Where the records below reach the line containing "(高三)(衡水金卷先享题) 2023届调研卷 英语(全国甲卷)(三)3答案", start transcribing, and end with the line containing "Sited in the", exactly and with nothing else added.

Source records:

Segment Open

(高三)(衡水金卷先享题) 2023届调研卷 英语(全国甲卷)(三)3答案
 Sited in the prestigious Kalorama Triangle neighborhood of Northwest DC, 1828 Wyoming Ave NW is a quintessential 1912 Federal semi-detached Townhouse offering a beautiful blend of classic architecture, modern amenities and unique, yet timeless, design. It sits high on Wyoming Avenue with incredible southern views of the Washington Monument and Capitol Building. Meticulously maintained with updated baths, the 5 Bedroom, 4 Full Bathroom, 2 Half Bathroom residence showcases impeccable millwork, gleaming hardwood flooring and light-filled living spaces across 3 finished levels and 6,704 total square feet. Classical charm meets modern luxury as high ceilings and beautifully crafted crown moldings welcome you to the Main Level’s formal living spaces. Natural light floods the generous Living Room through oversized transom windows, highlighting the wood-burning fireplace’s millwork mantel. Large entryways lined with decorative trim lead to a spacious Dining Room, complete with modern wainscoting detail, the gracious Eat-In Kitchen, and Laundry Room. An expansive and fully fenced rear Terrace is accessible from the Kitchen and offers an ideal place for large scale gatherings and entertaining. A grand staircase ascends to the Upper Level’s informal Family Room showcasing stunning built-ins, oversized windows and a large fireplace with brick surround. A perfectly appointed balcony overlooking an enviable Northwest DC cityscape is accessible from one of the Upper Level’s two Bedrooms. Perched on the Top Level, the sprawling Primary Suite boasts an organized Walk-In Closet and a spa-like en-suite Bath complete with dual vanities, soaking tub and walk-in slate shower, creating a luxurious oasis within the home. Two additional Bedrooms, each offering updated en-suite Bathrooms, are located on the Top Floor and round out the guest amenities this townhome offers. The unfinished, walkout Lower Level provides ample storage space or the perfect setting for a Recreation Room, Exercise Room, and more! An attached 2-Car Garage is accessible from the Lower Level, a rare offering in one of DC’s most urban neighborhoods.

Segment Closed
Segment Open

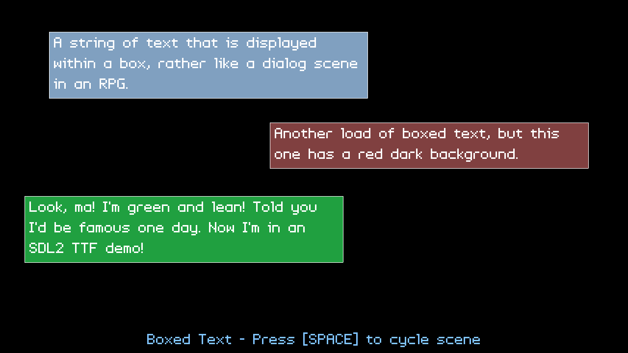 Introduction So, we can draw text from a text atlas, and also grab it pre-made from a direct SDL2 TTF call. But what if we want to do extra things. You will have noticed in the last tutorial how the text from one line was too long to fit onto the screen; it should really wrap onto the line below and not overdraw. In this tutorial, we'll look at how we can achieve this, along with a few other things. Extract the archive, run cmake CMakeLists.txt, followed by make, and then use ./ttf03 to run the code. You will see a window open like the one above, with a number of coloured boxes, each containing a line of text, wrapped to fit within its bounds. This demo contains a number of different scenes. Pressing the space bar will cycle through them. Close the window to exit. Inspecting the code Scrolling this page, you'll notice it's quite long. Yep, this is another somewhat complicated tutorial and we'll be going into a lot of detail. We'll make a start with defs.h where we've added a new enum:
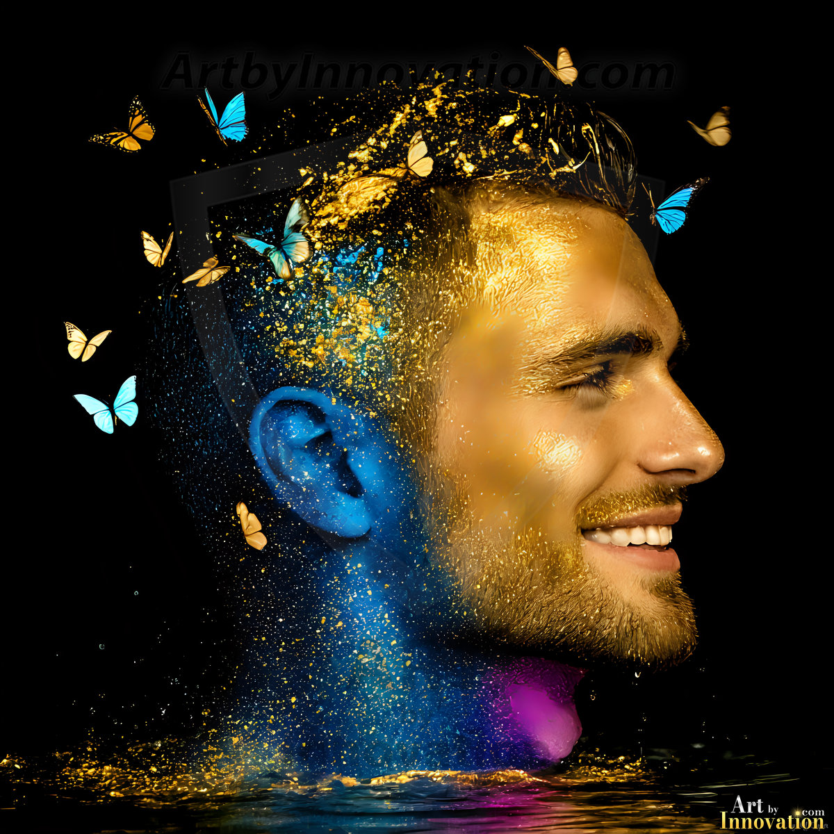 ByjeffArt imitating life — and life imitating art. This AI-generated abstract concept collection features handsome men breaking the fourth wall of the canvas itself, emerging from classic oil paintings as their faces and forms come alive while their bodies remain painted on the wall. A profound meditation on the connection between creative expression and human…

Segment Closed

Solution for this exercise:
(高三)(衡水金卷先享题) 2023届调研卷 英语(全国甲卷)(三)3答案
 Sited in the prestigious Kalorama Triangle neighborhood of Northwest DC, 1828 Wyoming Ave NW is a quintessential 1912 Federal semi-detached Townhouse offering a beautiful blend of classic architecture, modern amenities and unique, yet timeless, design. It sits high on Wyoming Avenue with incredible southern views of the Washington Monument and Capitol Building. Meticulously maintained with updated baths, the 5 Bedroom, 4 Full Bathroom, 2 Half Bathroom residence showcases impeccable millwork, gleaming hardwood flooring and light-filled living spaces across 3 finished levels and 6,704 total square feet. Classical charm meets modern luxury as high ceilings and beautifully crafted crown moldings welcome you to the Main Level’s formal living spaces. Natural light floods the generous Living Room through oversized transom windows, highlighting the wood-burning fireplace’s millwork mantel. Large entryways lined with decorative trim lead to a spacious Dining Room, complete with modern wainscoting detail, the gracious Eat-In Kitchen, and Laundry Room. An expansive and fully fenced rear Terrace is accessible from the Kitchen and offers an ideal place for large scale gatherings and entertaining. A grand staircase ascends to the Upper Level’s informal Family Room showcasing stunning built-ins, oversized windows and a large fireplace with brick surround. A perfectly appointed balcony overlooking an enviable Northwest DC cityscape is accessible from one of the Upper Level’s two Bedrooms. Perched on the Top Level, the sprawling Primary Suite boasts an organized Walk-In Closet and a spa-like en-suite Bath complete with dual vanities, soaking tub and walk-in slate shower, creating a luxurious oasis within the home. Two additional Bedrooms, each offering updated en-suite Bathrooms, are located on the Top Floor and round out the guest amenities this townhome offers. The unfinished, walkout Lower Level provides ample storage space or the perfect setting for a Recreation Room, Exercise Room, and more! An attached 2-Car Garage is accessible from the Lower Level, a rare offering in one of DC’s most urban neighborhoods.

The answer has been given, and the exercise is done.